Platform quirks worth knowing

  • OnlyFans: the platform accounts for VAT on what fans pay. Your own position as a creator is separate — your supply is to the platform under a self-billing arrangement, and if you're VAT-registered, VAT applies to your share and is handled through that self-billing process. It's unusual; we set it up so it just works.
  • Ad revenue (AdSense and friends): typically paid by overseas platform entities, which changes the place-of-supply analysis — often outside the scope of UK VAT but still relevant to registration maths and reclaims. This is exactly the kind of thing to get checked once rather than guessed forever.
  • Digital products and courses: selling to UK consumers is straightforward; selling digital products to consumers abroad brings place-of-supply rules (and potentially overseas schemes) into play once volumes justify caring.
  • UK brand deals: plain vanilla — standard-rated once registered, add 20% to the invoice. Brands reclaim it, so registered creators lose nothing on B2B work.

Flat rate vs standard

The flat-rate scheme trades input-VAT reclaims for a simple percentage of gross turnover — attractive for service-only creators with few costs, but the 'limited cost trader' 16.5% rate guts the benefit for many, and product sellers with real input VAT usually do better on standard accounting. We run both numbers before registering you; it's a ten-minute calculation that's worth real money.

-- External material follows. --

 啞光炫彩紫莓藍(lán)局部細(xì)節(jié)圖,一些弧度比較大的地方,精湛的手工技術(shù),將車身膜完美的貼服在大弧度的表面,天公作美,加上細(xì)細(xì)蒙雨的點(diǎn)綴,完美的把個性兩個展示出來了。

Registration without drama

  1. Watch the rolling number monthly — FreeAgent (included) shows it live; we get alerted as you approach the line.
  2. Consider voluntary registration early if your clients are VAT-registered brands and you buy a lot of kit — reclaiming input VAT can beat waiting.
  3. Register on time — late registration means paying VAT you never charged, plus penalties.
  4. File quarterly under Making Tax Digital — digital records and software filing are mandatory for VAT; ours is handled through FreeAgent as part of the package.
The gifted-deal blind spot Barter counts. A creator doing £70,000 of cash work plus £25,000 of retail-value gifted collabs has crossed the threshold — and almost nobody tracks it. Our clients' gifted-income logs feed the VAT calculation automatically, so the line never sneaks up.

Approaching the threshold, or past it and unregistered? Talk to us this week — timing is the difference between routine and expensive.

Quick answers

From this guide

When does a creator have to register for VAT?

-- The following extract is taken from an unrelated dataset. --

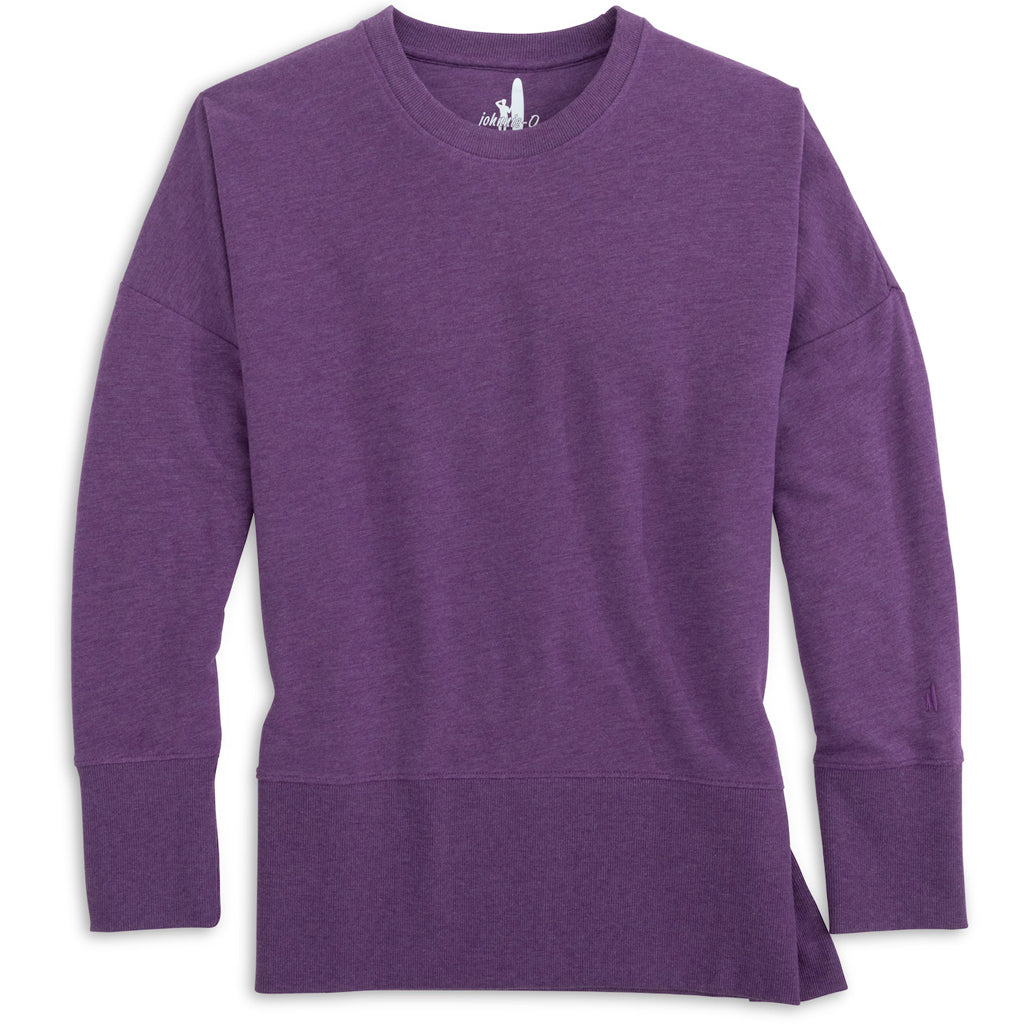 Choose a corporate logo for the Johnnie-O Women's Purple Brittany Crewneck to create a unique look for employees or customers. This comfortable cotton, modal, and polyester blend is great for wearing alone of layering to enjoy a fun and fashionable look that is ready for whatever is on your schedule. Place an order right away.

When taxable turnover passes £90,000 in any rolling 12-month period — counting cash deals, ad revenue, subscriptions, product sales and the market value of taxable gifted deals. You have 30 days from the end of the month you crossed.

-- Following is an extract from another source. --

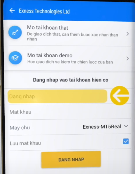 - Bước 4: Nhập thông tin đăng nhập của tài khoản giao dịch đó nếu được nhắc.

Do gifted brand deals count towards VAT?

Yes — barter transactions are supplies for VAT purposes, so the market value of products or trips received in return for content counts towards your threshold.

Should a creator use the VAT flat-rate scheme?

Sometimes — it simplifies admin for service-heavy creators with few costs, but the limited-cost-trader rate (16.5%) removes most of the benefit for many, and product sellers usually do better reclaiming input VAT on standard accounting. Run both numbers first.

Do I charge VAT on brand deals after registering?

Yes — UK brand work is standard-rated, so you add 20% to invoices. VAT-registered brands reclaim it, so your rates stay effectively unchanged for B2B work.